6 We support the proposal to strengthen recognised industry involvement in qualification development. The critical question here is around who is the “recognised” industry. Where a qualification is being developed with a local component to meet local employment needs, it will follow that local potential employers must constitute the “recognised” industry. There is not necessarily a tension between a national view of a qualification for 70% of content mediated by the ITO and a local view (which could be informed by the ITO, the regional branch of industry associations and the provider’s own industry advisory body) for the remaining local component. This gives an ideal opportunity for the provider to facilitate discussion between local and national industry perspectives, plus those of other stakeholders (e.g. economic development agencies) for the benefit of its local learners and their communities. In the medium to longer term, the adequacy of industry involvement must be measured by the employability and career progression of graduates from the qualification concerned. We would expect providers to be continually monitoring this as part of their self-assessment informing their own organisational development.
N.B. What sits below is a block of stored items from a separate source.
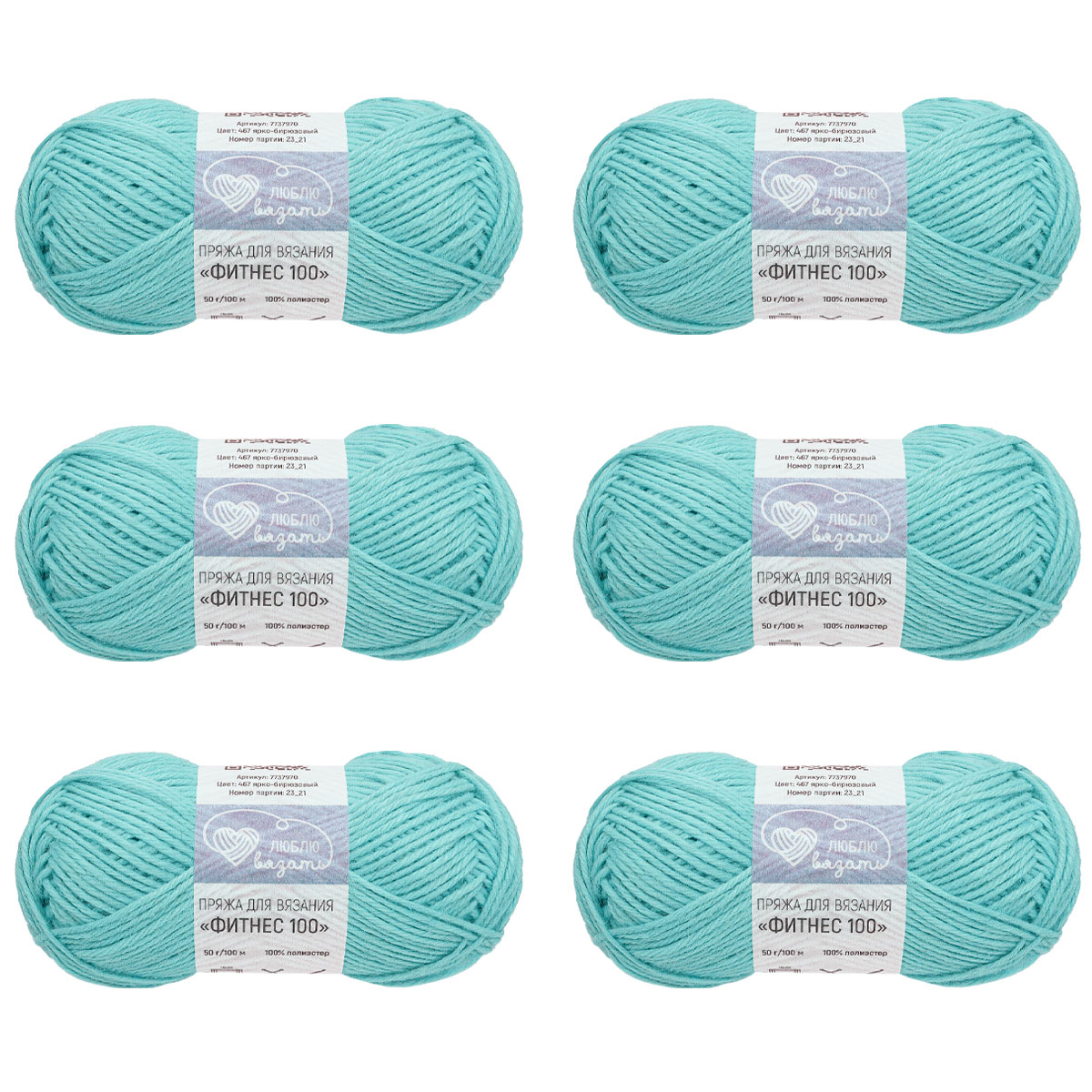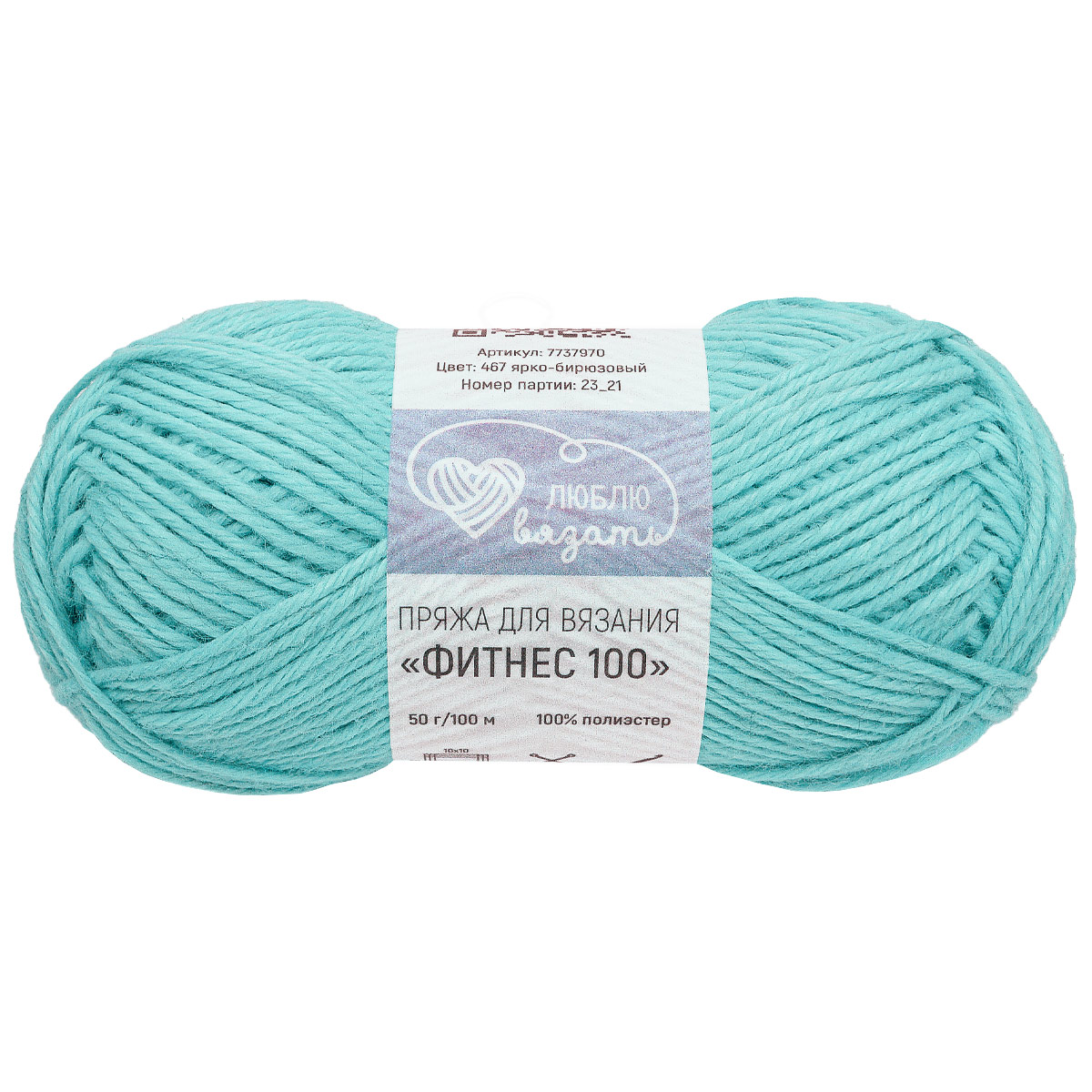 Пряжа Люблю вязать 'Фитнес 100' 50гр 100м (100% Полиэстер) (467 ярко-бирюзовый)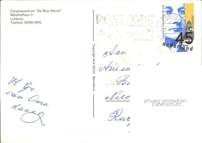 old postcard Lunteren Hoofdgebouw Congrescentrum postalisch gelaufen Erhaltung siehe scans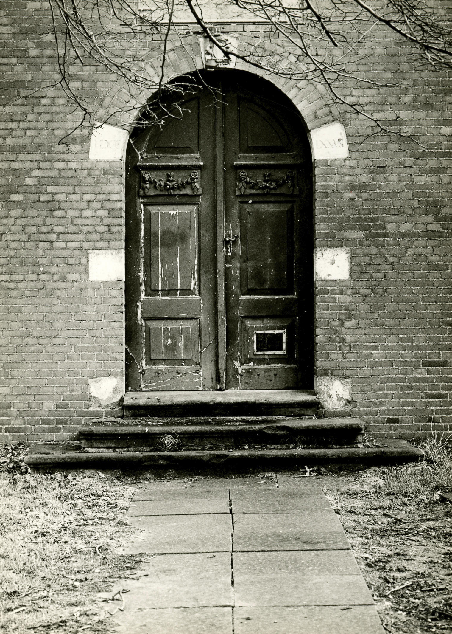 Kerkdeur, Heveskes, 1975 (zwart-wit foto)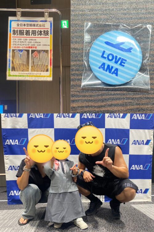 私たちはANA制服を体験。13:20に並び始めて、撮影できたのは13:50ごろ。約30分待ちでした。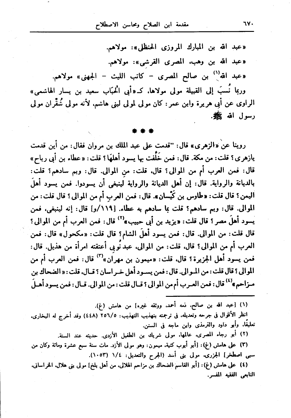 روينا عن " الزهري " قال: " قدمت على عبدالملك بن مروان فقال: من أين قدمت يا زهري؟ قلت: من مكة. فقال: فمن خَلَّفت بها يسود أهلهَا؟ قلت: " عطاء بن أبي رباح " قال: فمن العرب أم من الموالي؟ قال: قلت: من الموالي. قال: وبم سادهم؟ قلت: بالديانة والرواية. قال: إن أهل الديانة والرواية لينبغي أن يسودوا. فمن يسود أهلَ اليمن؟ قال: قلت: " طاوس بن كَيْسان ". قال: فمن العربِ أم من الموالي؟ قال: قلت: من الموالي. قال: وبم سادهم؟ قلت: بما سادهم به عطاء. [119 / و] قال: إنه لينبغي، فمن يسود أهلَ مصر؟ قال: قلت: " يزيد بن أبي حبيب " (2) قال: فمن العرب أم من الموالي؟ قال: قلت: من الموالي. قال: فمن يسود أهلَ الشام ِ؟ قال: قلت: " مكحول ". قال: فمن العرب أم من الموالي؟ قال: قلت: من الموالي، عبد نُوبِي أعتقته امرأة من هذيل. قال: فمن يسود أهل الجزيرة؟ قال: قلت: " ميمون بن مهران " (3). قال: فمن العرب أم من الموالي؟ قال: قلت: من الموالي. قال: فمن يسود أهل خراسان؟ قال: قلت: " الضحاك بن مزاحم " (4). قال: فمن العرب أم من الموالي؟ قال: قلت: من الموالي. قال: فمن يسود أهلَ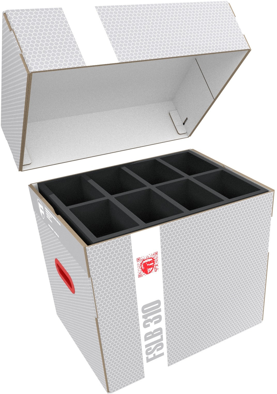 The storage box FSLB310 is made of coated, double-walled cardboard. This makes it not only pleasantly light, but also very tear-resistant and stable. The attachable lid reliably protects the contents from dust and other external influences. With the appropriate foam trays, miniatures, game material and all other goods can be stored safely - and conveniently transported with the two plastic-reinforced carrying handles on the sides.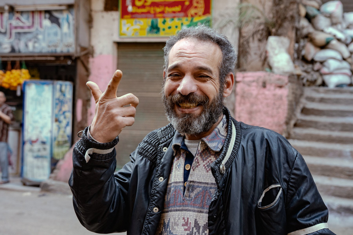 Das Bild zeigt einen älteren Mann mit einem langen, grauen Bart, der lächelnd die ‘Peace’-Geste macht. Er trägt eine schwarze Lederjacke und ein bunt gemustertes Hemd. Im Hintergrund sind Mülltonnen, Geschäfte und Graffiti zu sehen. Die Szene spielt sich in Kairo, Ägypten ab.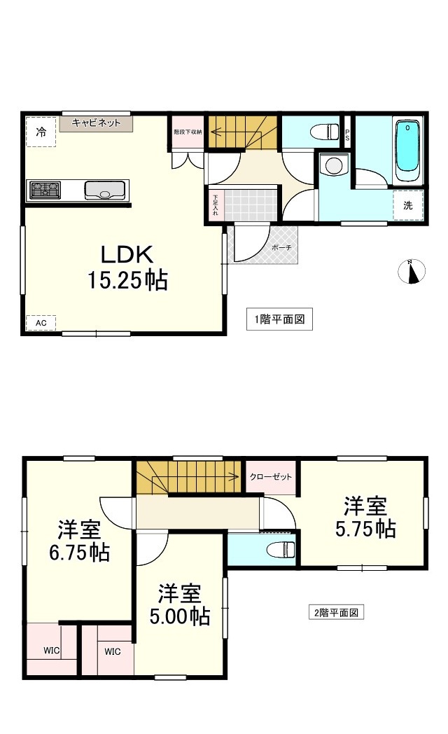 | 間取内訳 | LDK 15.25帖/洋室 6.75帖/洋室 5.75帖/洋室 5.00帖 | ||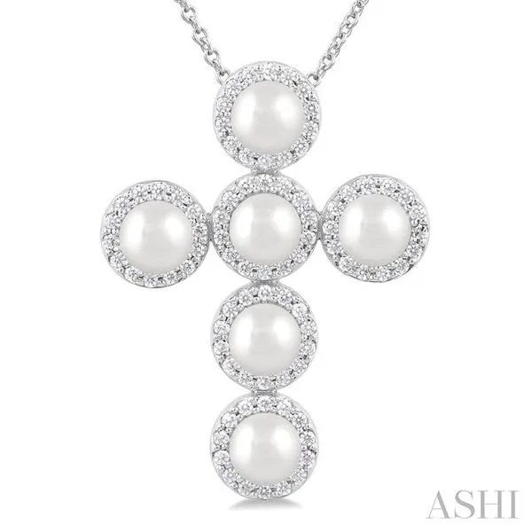 4 MM Cross Cultured Pearl and 1/3 Ctw Round Cut Diamond Pendant With Chain in 14K White Gold Image 2 Adler's Diamonds Saint Louis, MO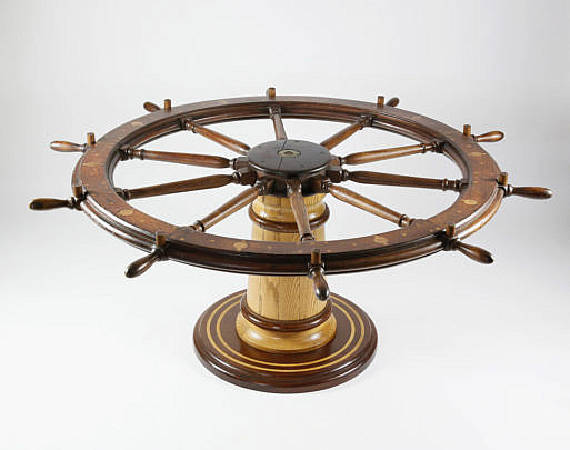 American Large Inlaid Ship’s Wheel Dining Table

7 Clear information about the status of qualifications: again, this is strongly supported. We believe that NZQA has (and always had) a moral obligation to do this. It is important, however, from a past graduate’s perspective to identify the reason for a qualification’s closure. Completion of any qualification is a very significant personal investment: if a provider qualification is closed simply because it has been subsumed into a more flexible National Qualification, this is quite different from a closed qualification where the competencies are now obsolete. We would note in passing that, by their very nature, qualifications that have a significant capability component tend to have a longer “shelf-life” than qualifications purely based on competencies.
Peter Coolbear
For the Ako Aotearoa Board
10 November 2009
Footnote
1 - The work of John Stephenson is particularly important here: e.g. Stephenson, J and Yorke, M. (1998) “Capability and Quality in Higher Education”, Kogan Page, U.K.